NEW YORK:
Don’t misunderstand. The average skateboarder kid likely can’t afford these clothes. Ragazzi sells track jackets in the zone of $500 and little dresses for $600 and more. A few tiny dresses were sculpted in leather this season. But don’t call them luxury.
“I don’t consider myself luxury,” he said. “I think I’m creating, like, a desire. This is what interests me the most, you know. I’m trying to make my product look expensive, but I don’t consider myself luxury.”
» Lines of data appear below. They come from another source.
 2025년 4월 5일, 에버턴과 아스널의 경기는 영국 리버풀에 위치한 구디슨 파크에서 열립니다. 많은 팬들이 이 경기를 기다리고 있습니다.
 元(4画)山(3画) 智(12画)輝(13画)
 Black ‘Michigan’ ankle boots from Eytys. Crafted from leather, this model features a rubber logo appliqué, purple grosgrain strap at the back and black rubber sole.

Ragazzi does consider himself driven by his celebrity fans. Before decamping Milan for New York, Ragazzi hoped New York would drop a few A-listers onto his front row. He got French Montana, the rapper Gunna – he smoked throughout the show – and a giddy Alexander Wang. “When I design a collection, I always think about a celebrity and a celebrity wearing the piece, so when it winds up on a celebrity, I’m happy,” Ragazzi said.
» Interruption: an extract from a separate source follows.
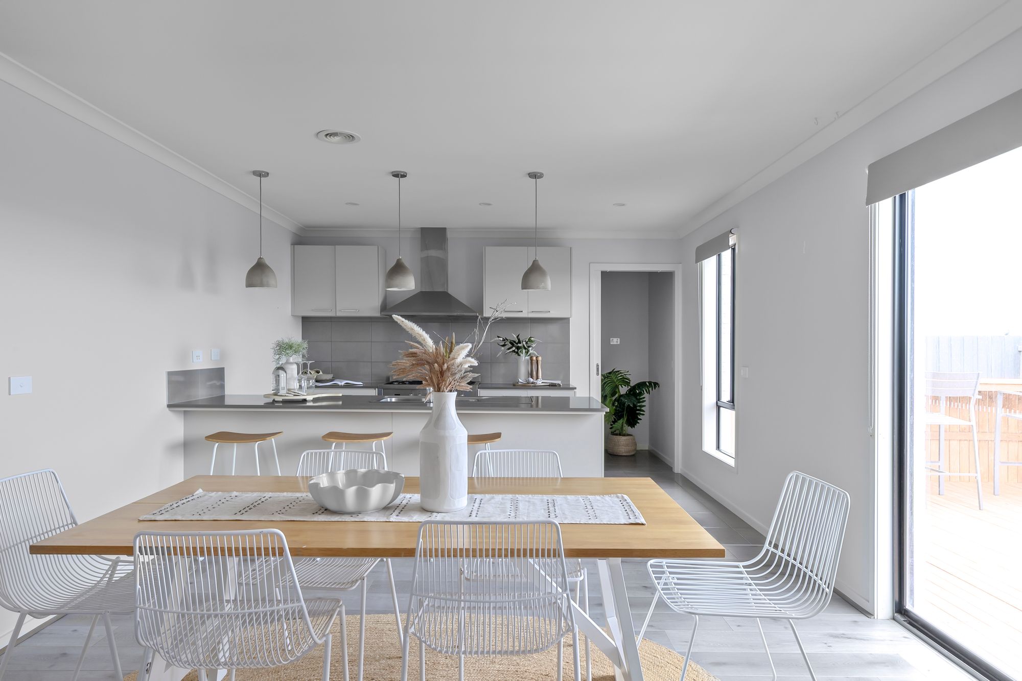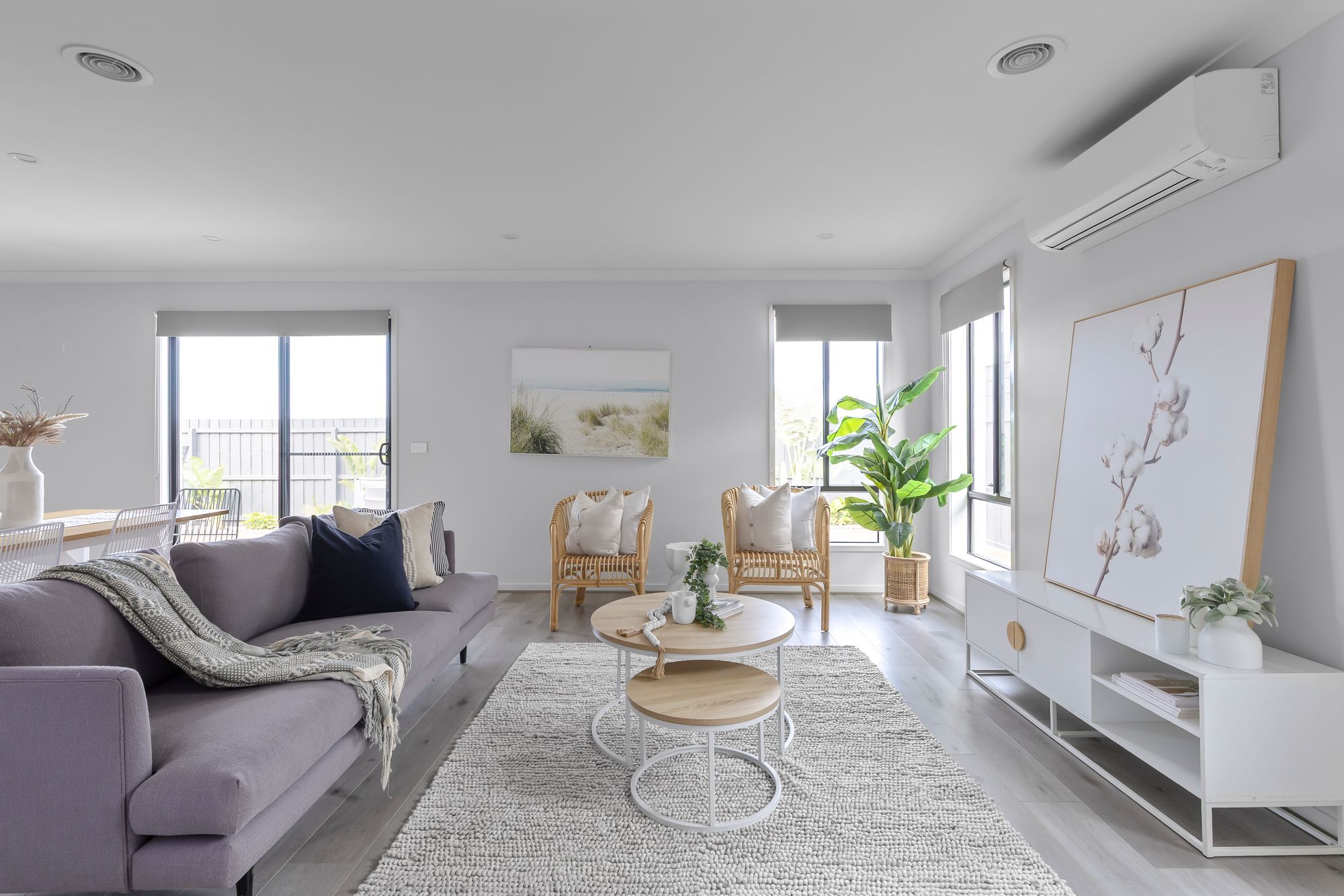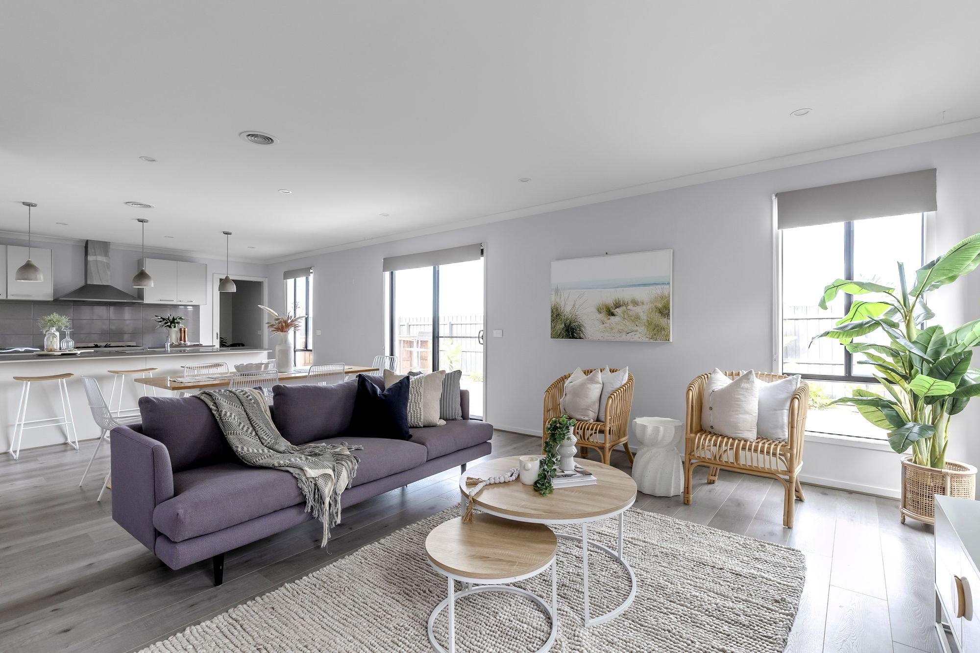 Living/dining: Open plan adjoining living/kitchen/dining, timber laminate flooring, roller blinds, ducted heating & split-system cooling, downlights, glass sliding doors to outdoor entertaining area

Also: The Museum at the Fashion Institute of Technology has culled through its voluminous archives of clothing and accessories for a 50th anniversary retrospective, just in time for New York Fashion Week.
The show, “Exhibitionism”, includes highlights from 33 of the museum’s more popular and influential exhibits.
They include red riding hoods and glass slippers from “Fairy Tale Fashion”, a 2016 show that illustrated 15 well-known fairy tales, and a mannequin stepping out of a coffin wearing Thierry Mugler’s vampire dress, from the 2009 show “Gothic: Dark Glamour”. (AP)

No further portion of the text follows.